Before the Christian faith reached the territory of Lebanon,  Jesus had traveled to its southern parts near Tyre where the scripture tells us that he cured a possessed Canaanite child.

Christianity in Lebanon is almost as old as gentile Christian faith itself. Early reports relate the possibility that Saint Peter himself was the one who evangelized the Phoenicians whom he affiliated to the ancient patriarchate of Antioch.

Paul also preached in Lebanon, having lingered with the early Christians in Tyre and Sidon.  Even though Christianity was introduced to Lebanon after the first century AD, its spread was very slow, particularly in the mountainous areas where paganism was still unyielding.

The earliest indisputable tradition of Christianity in Lebanon can be traced back to Saint Maron in the 4th century AD, being of Greek/Eastern/Antiochian Orthodox origin and the founder of national and ecclesiastical Maronitism.

Saint Maron adopted an ascetic and reclusive life on the banks of a river in the vicinity of Homs–Syria and founded a community of monks which began to preach the gospel in the surrounding areas.

By faith, liturgy, rite, religious books and heritage, the Maronites were of Orthodox origin.

The Saint Maron Monastery was too close to Antioch to grant the monks their freedom and autonomy, which prompted Saint John Maron, the first Maronite patriarch-elect, to lead his monks into the Lebanese mountains to escape emperor Justinian II’s persecution, finally settling in the Qadisha valley.

Nevertheless, the influence of the Maronite establishment spread throughout the Lebanese mountains and became a considerable feudal force. The existence of the Maronites was largely ignored by the western world until the Crusades.

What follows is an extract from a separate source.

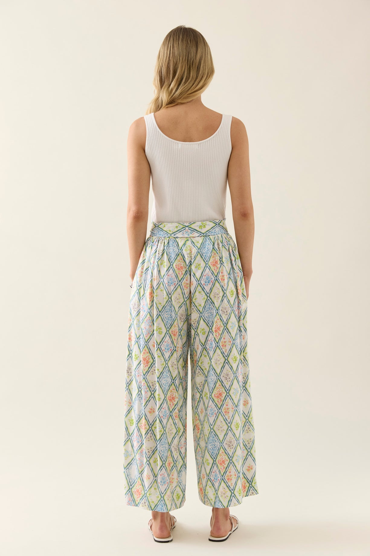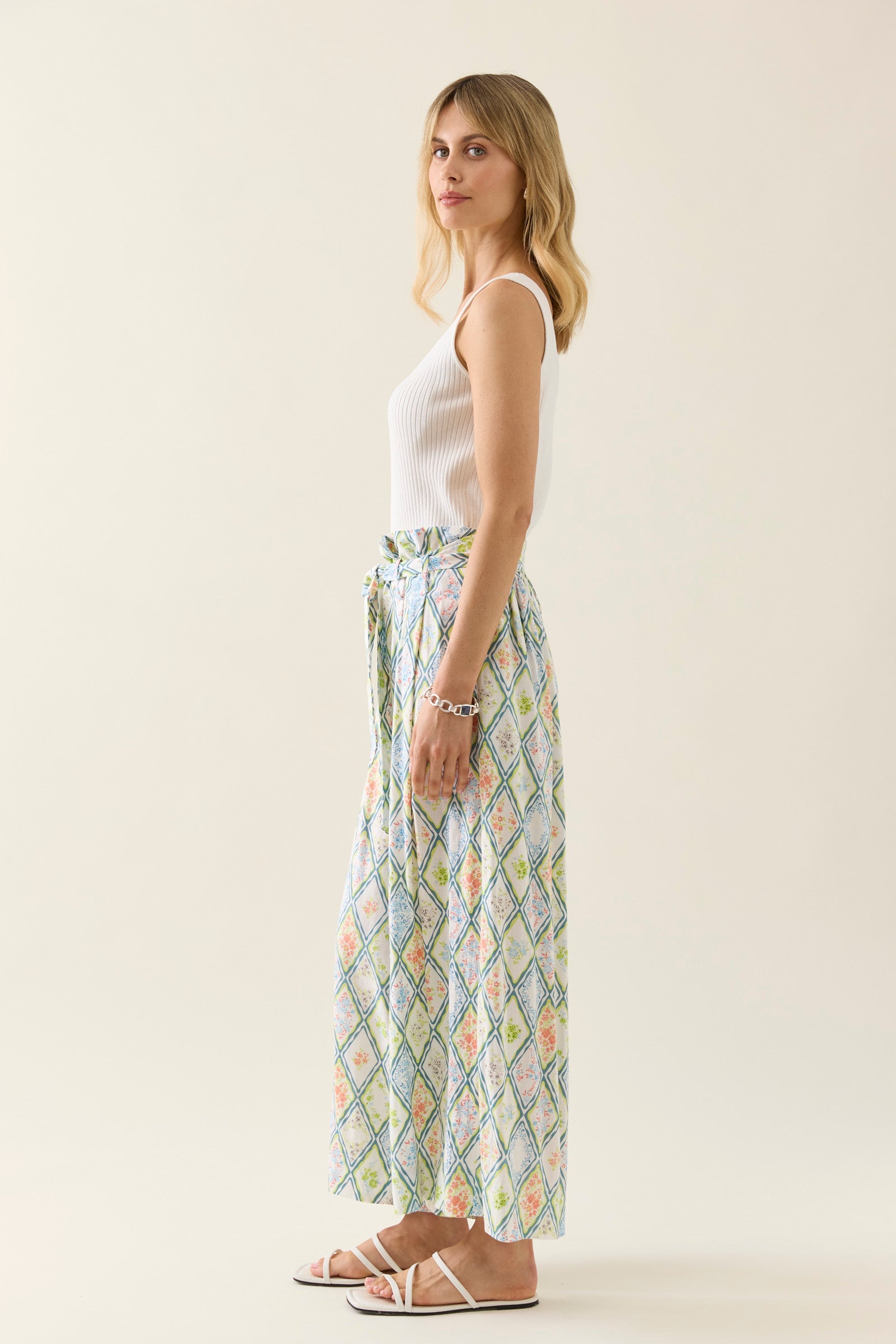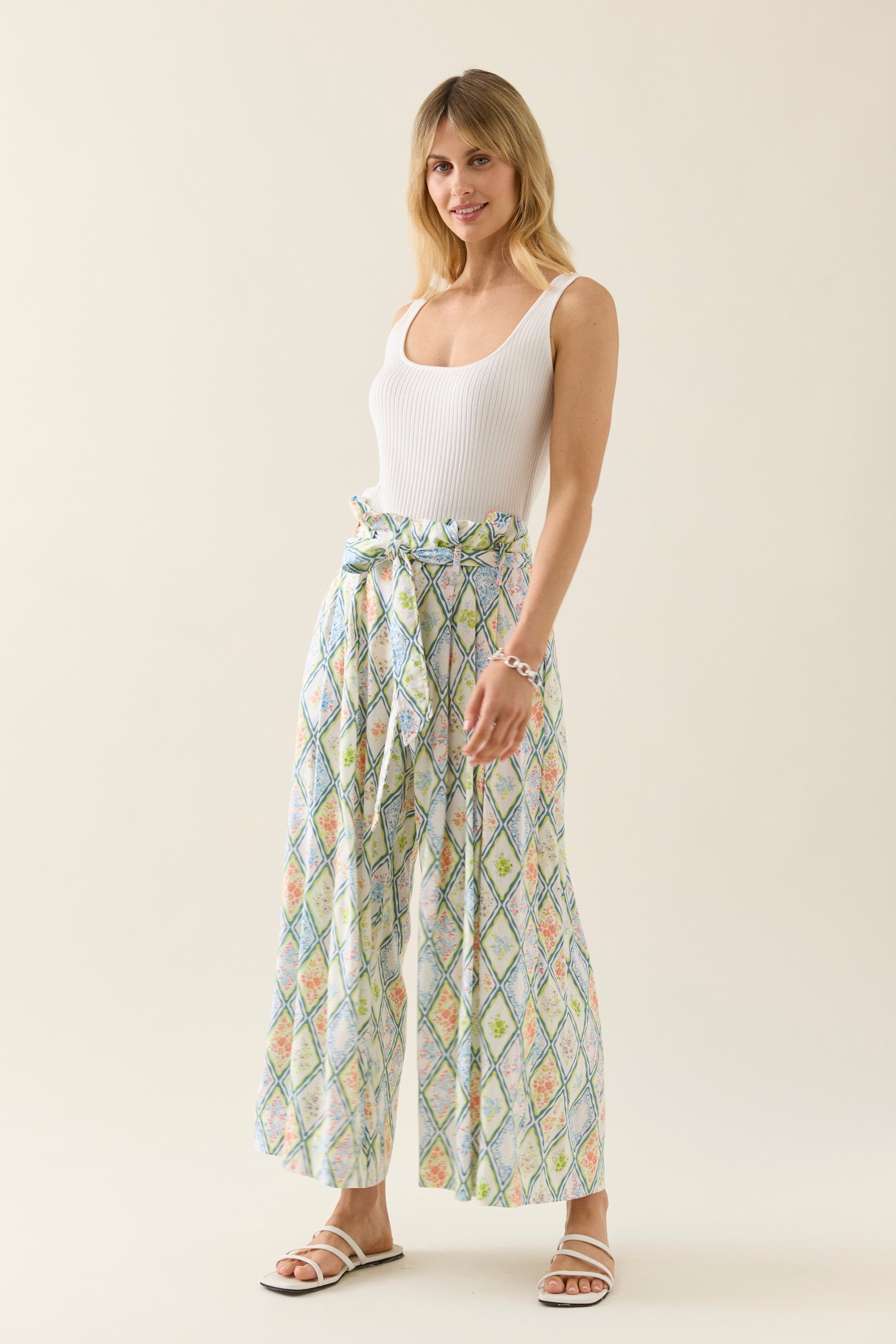 A softly structured cropped pant in a breathable linen blend. Designed with a high paperbag waist, wide leg, and self-fabric belt. Four front pleats create shape, while the elasticated back waistband ensures a comfortable fit. Available in an exclusive Tile colourway.

In the 16th century, the Maronite Church adopted the catechism of the Catholic Church and merged with it. Moreover, Rome dispatched Franciscan, Dominican and later Jesuit missionaries to Lebanon to secure the conversion of the Maronites to Catholicism.

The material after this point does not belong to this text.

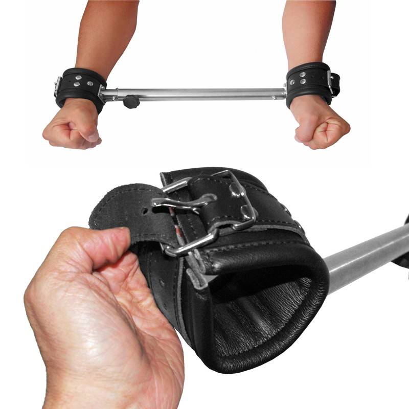 Barre d'écartement en acier réglable de 40cm à 55cm de long à son maximum avec menottes/Chevillères en cuir molletonné à chaque extrémité.
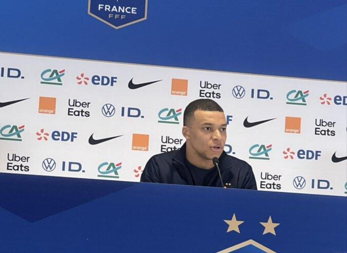 3月26日讯 法国队将在热身赛迎战智利,赛前,法国队队长姆巴佩出席新闻发布会。

Due to their turbulent history, the Maronites formed a secluded identity in the mountains and valleys of Lebanon, led by the Maronite patriarch who voiced his opinion on contemporary issues.

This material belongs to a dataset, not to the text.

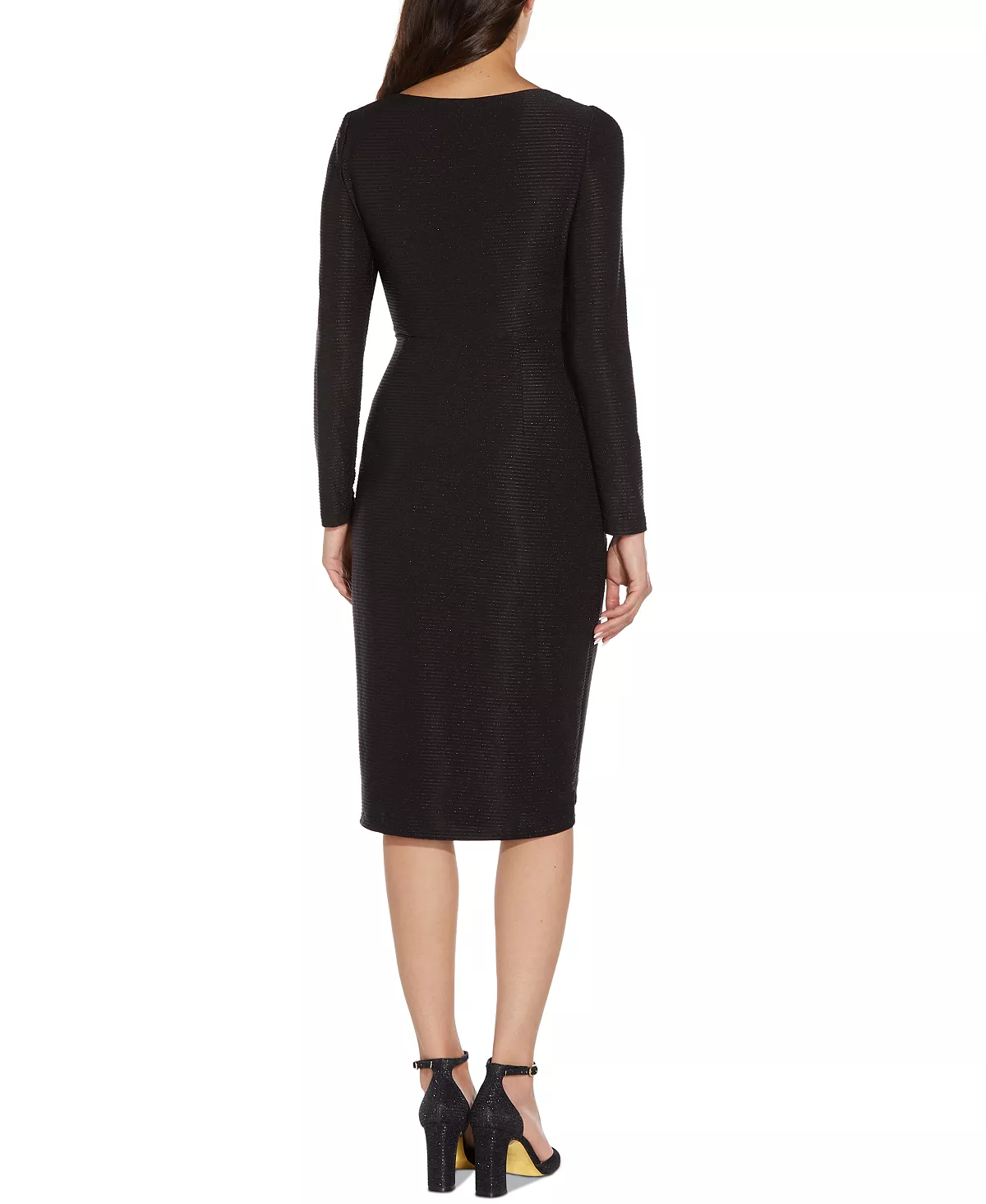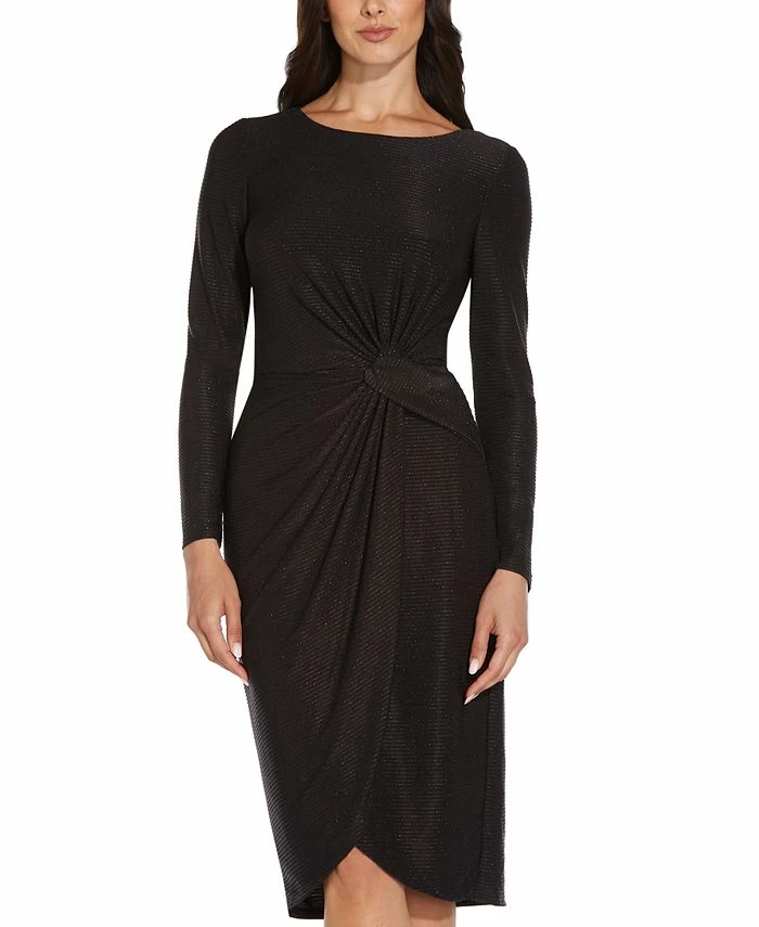 Sparkle the night away in style with Adrianna Papell’s sophisticated sheath dress, a sleek long-sleeve style glittering with a shimmering metallic and finished with a chic twist at the front.

They identify themselves as a unique community whose religion and culture is distinct from the predominantly Muslim Arab world.

The Maronites played a major part in the definition of and the creation of the state of Lebanon. The modern state of Greater Lebanon was established by France in 1920 after the instigation of ambitious Maronite leaders headed by patriarch Elias Peter Hoayek, who presided delegations to France following WWI and requested the re-establishment of the entity of the Principality of Lebanon (1515AD-1840AD).

With the creation of the state of Lebanon, Arabism was overcome by Lebanism, which emphasizes Lebanon’s Mediterranean and Phoenician heritage.

In the National Pact, an unwritten gentleman’s agreement between the Maronite President Bshara el-Khoury and Sunni Prime Minister Riad as-Solh, the seats of presidency were distributed between the main Lebanese religious denominations. According to the pact, the President of the Lebanese republic shall always be a Maronite. Furthermore, the pact also states that Lebanon is a state with an “Arab face” (not an Arab identity).